The actual DKG is implemented in the [bls-dkg](https://github.com/maidsafe/bls_dkg) crate and won't be described here in detail. But in summary, it consists of multiple rounds of messages being exchanged among the elder candidates until either the process completes successfully and the new keys are generated, or it fails.
> [name=Gabriel Viganotti] here the candidates in these rounds are only the new ones or this actually means the existing Elders plus the new candidates?? ...I guess the later, as they all (current Elders plus new candidates) need to agree on the same pk set?? it seems we are sometimes calling candidates to current Eleders plus new candidates, and sometime we call candidates only to the new ones ??
#### Successful DKG completion
When the DKG completes, it produces the new `PublicKeySet` (which is the same for everyone) and `SecretKeyShare` (which is unique per candidate and they must keep it secret).

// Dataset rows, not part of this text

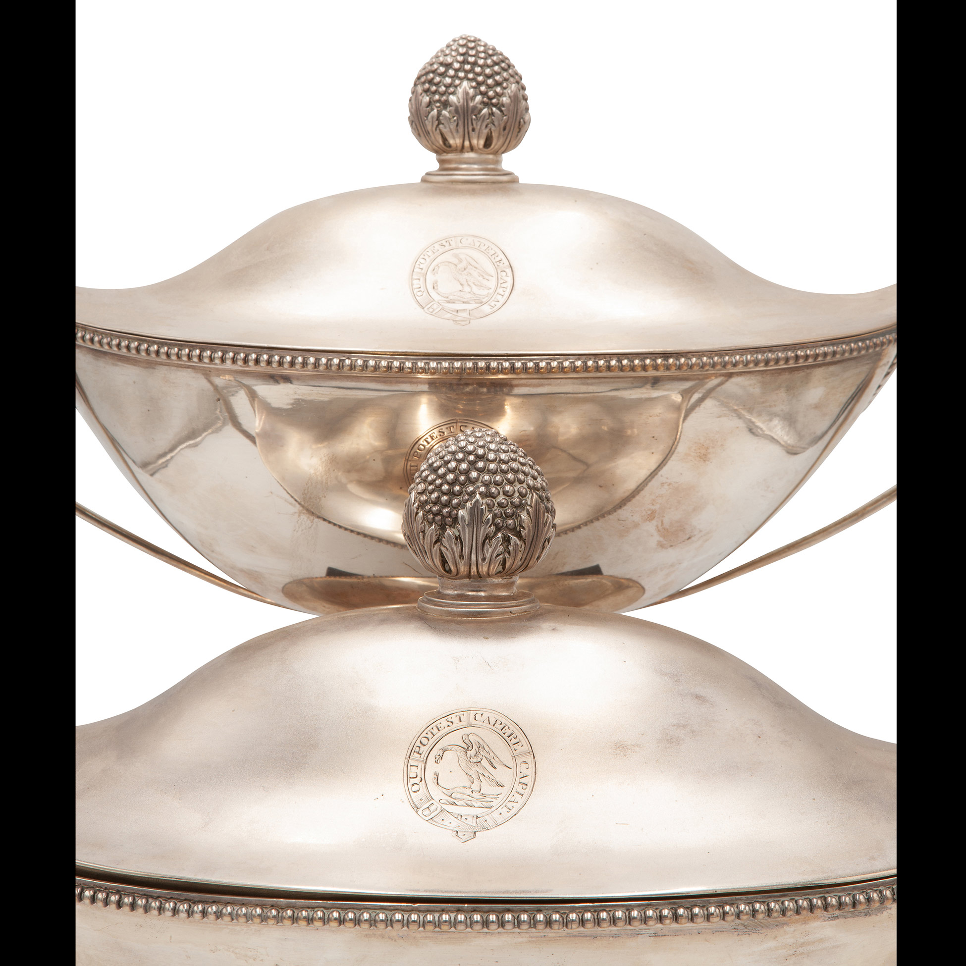 Coppia di zuppiere ovali in argento, Napoli 1804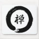 O enso do zen (círculo), símbolo do vazio e o universo. O kanji no centro lê simplesmente o "zen".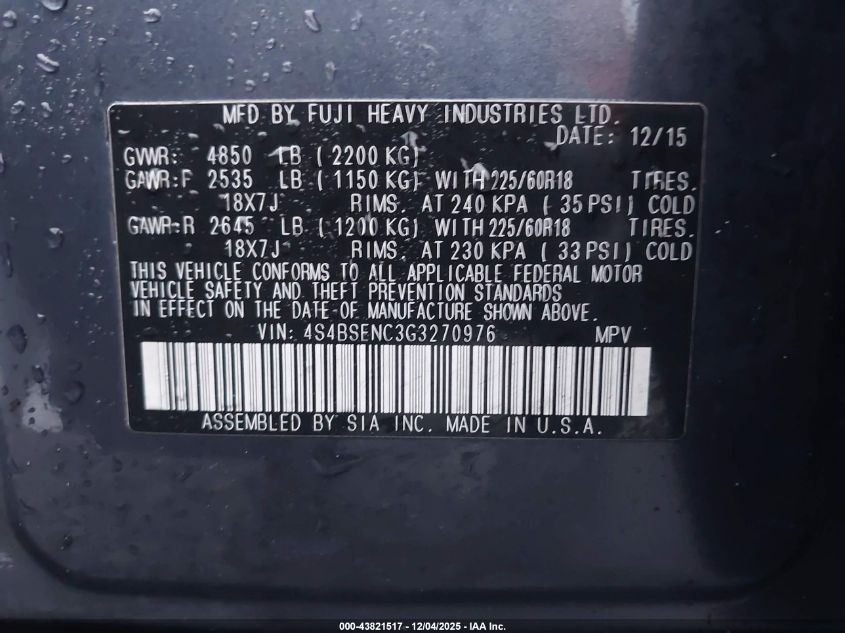2016 SUBARU OUTBACK 2016 року Бензин, 3.6, Полный привод, vin - 4S4BSENC3G3270976 из США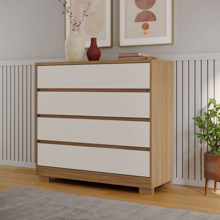 Cômoda 4 Gavetas 100% MDF Moana Camaru/Pérola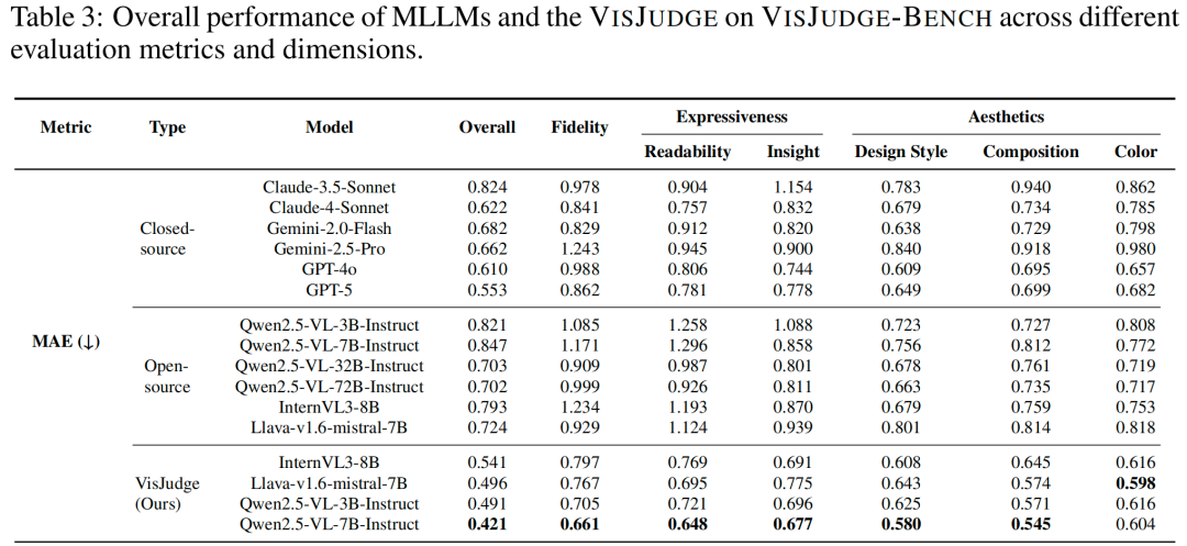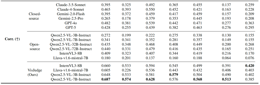 相比GPT-5,VisJudge的评估误差降低了23.9%(MAE从0.553降至0.421),与人类专家的判断一致性提升了60.5%(相关性从0.428提升至0.687)。一个仅7B参数的专业模型,全面超越了GPT-5等顶尖通用模型,甚至超越了参数量10倍于己的Qwen2.5-VL-72B(MAE 0.702)。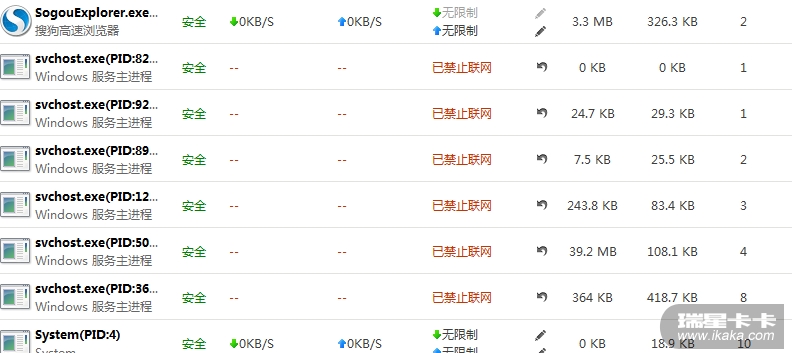 我手动设置了禁止系统程序 svchost 联网,但一会儿功夫它就又消耗了几十兆流量,操作系统是win7详情如附件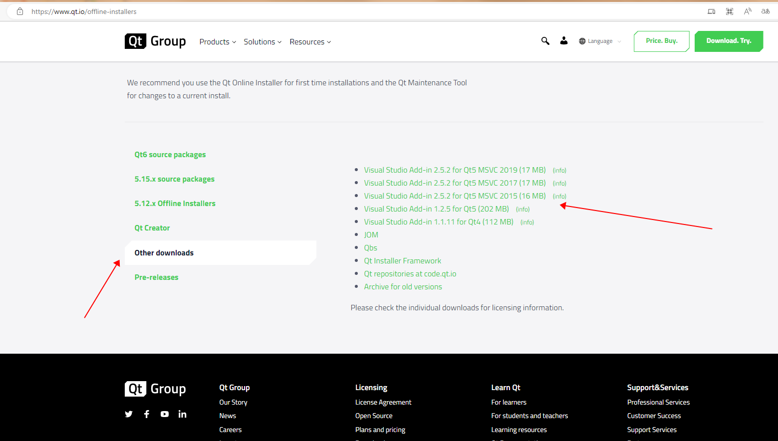 4、如果提示MSVC 异常,可以在下载源包脱机安装程序 |Qt 界面,点击Other downloads 下载并安装对应的插件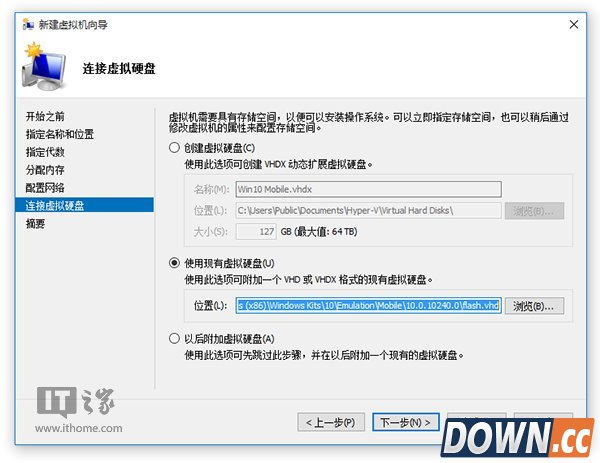 这里记得选择第二项,也就是已经下载好的VHD文件,在路径C:Program Files (x86)Windows Kits10EmulationMobile10.0.10240.0里,选择flash.vhd。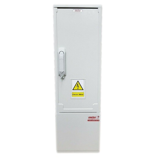 This large, strong surface-mounted Electricity Meter Box is made from thick, insulating, fire-resistant, and self-extinguishing composite GRP (Glass Reinforced Plastic).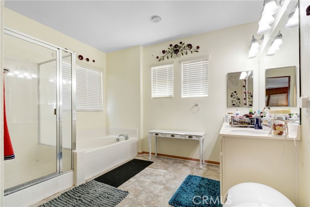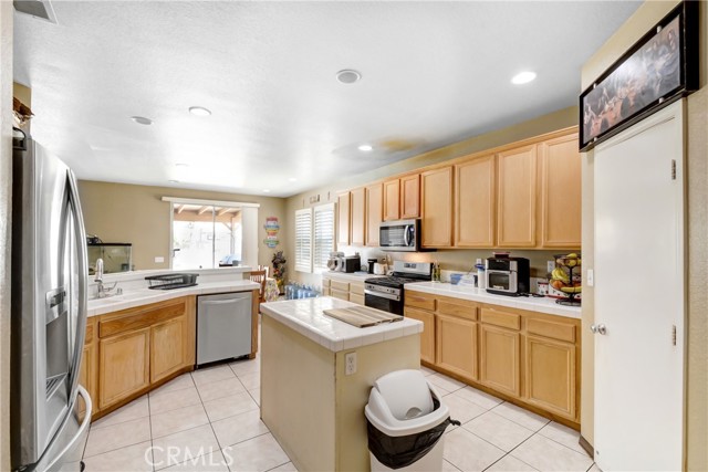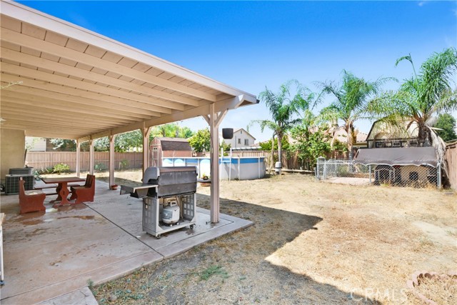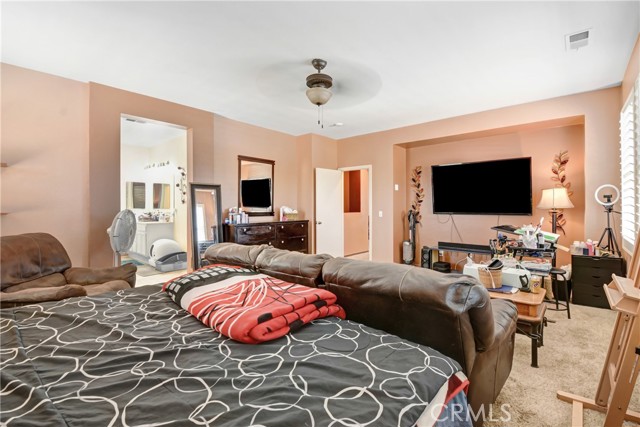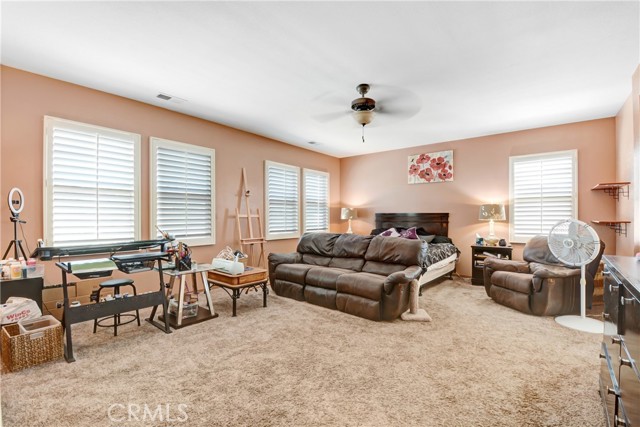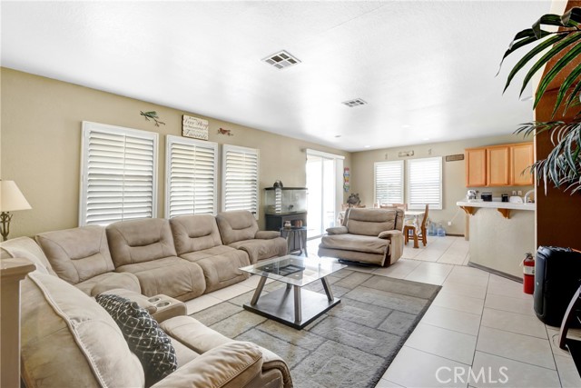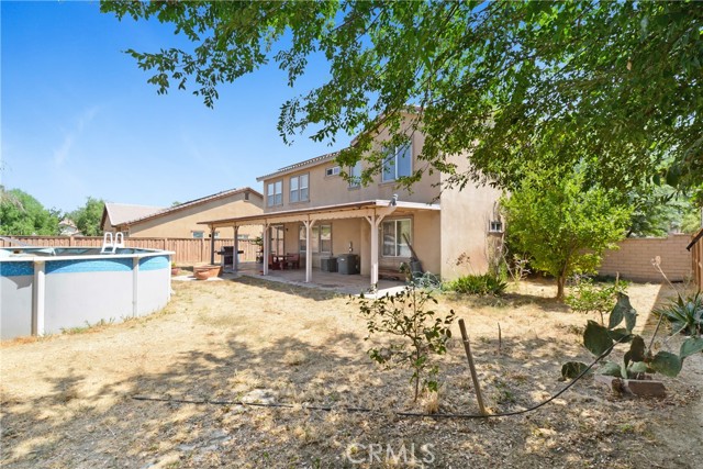 BIG PRICE REDUCTION! NO HOA. Attractive 5 bedroom 3.5 bath home in a popular west-end area of Hemet. Solar Panels to be PAID through escrow, Over 3000 sq ft of living space and a park-sized yard. Everything about this home is L A R G E! The neutral colors throughout this home allow your design touches to dictate the ambience of your new home. The family room has a recessed wall that will allow unobtrusive placement of your entertainment center and will accommodate sectional furniture. The kitchen has a breakfast bar that will easily accommodate seating for 4 and is also part of the family room. There is an informal dining space off the kitchen, as well as a formal dining and pantry. Upstairs is a loft with adequate space for the whole family to enjoy, with a computer center. The master bath has a separate shower and tub. Covered full-length patio with an enclosed dog area. Oh, and a dog park nearby for your furry friend. There are two bedrooms downstairs and three upstairs. Perfect for accommodating a large or extended family. Ranco Viejo Middle School is at the end of the block and Tahquitz High is down Cawston Ave. Minutes from shopping and ez access to highways for out-of-town commuters.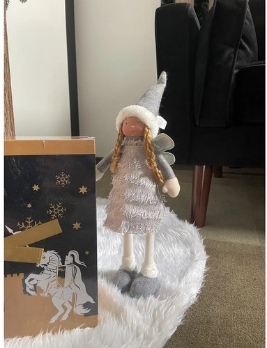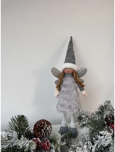 Tato elegantní vánoční figurka víly/anděla v kombinaci šedé, bílé a stříbrné přináší do domova útulnou zimní atmosféru. Třpytivá křídla a hebké textilie vytvářejí efekt kouzla a radosti, který je pro svátky typický.

The candidates then sign the `EldersInfo` from the `DKGStart` message using this new `SecretKeyShare` and broadcast it back to the current elders in a `SectionInfo` message.
When the current elders receive a supermajority of these `SectionInfo` messages, they check whether the [current elder candidates](#Determining-elder-candidates) are the same as the elders set in the message and if so, they create an `OurElders` proposal containing the new key in order to append it to the section chain. Otherwise they discard it.
There are two rounds of proposals: one is the elder candidates proposing the new `EldersInfo` using the new key and one is the current elders proposing the new key using their current section key. This is necessary because we need two pieces of information and they both need to be signed:
1. The new section key (signed by the old section key) and
2. The new `EldersInfo` (signed by the new section key)
Once this completes, the new key is inserted into the section chain and the new `EldersInfo` replaces the old `EldersInfo` in the [`Section` struct](#Section-structure). It's important that these two things happen as a single atomic step to maintain the invariant that the current `EldersInfo` is signed by the current last key in the section chain.
Finally, the old elders broadcast a [`Sync` message](#Sync-message) to all the members of the section to update them about the new state of the section.
#### Failed DKG
When the candidate detects a DKG failure, it creates a failure proof and broadcasts it to the other candidates (not the current elders!). When a sufficient number of these proofs are accumulated, they are combined into a DKG failure agreement which is only then broadcast to the current elders. The reason the failures are accumulated by the candidates and not the current elders is to have the bulk of the work (including keeping any necessary state) be done by the candidates so there is less burden on the current elders who have enough other responsibilities already.
NOTE: It's not necessary to accumulate a supermajority of these proofs. A `N - supermajority(N) + 1` (where `N` is the number of candidates) of them is enough because in that case a successful completion is no longer possible.
When the current elders receive this failure agreement, they check whether the [current elder candidates](#Determining-elder-candidates) are still the same as the ones reporting the failure and if so, send them the `DKGStart` message again to restart the DKG. Otherwise they ignore it.
### Transition to the new elders
A node can detect that the current elders changed either through observing an agreement on the `OurElders` proposal or by receiving a `Sync` message. In both cases the subsequent process is the same.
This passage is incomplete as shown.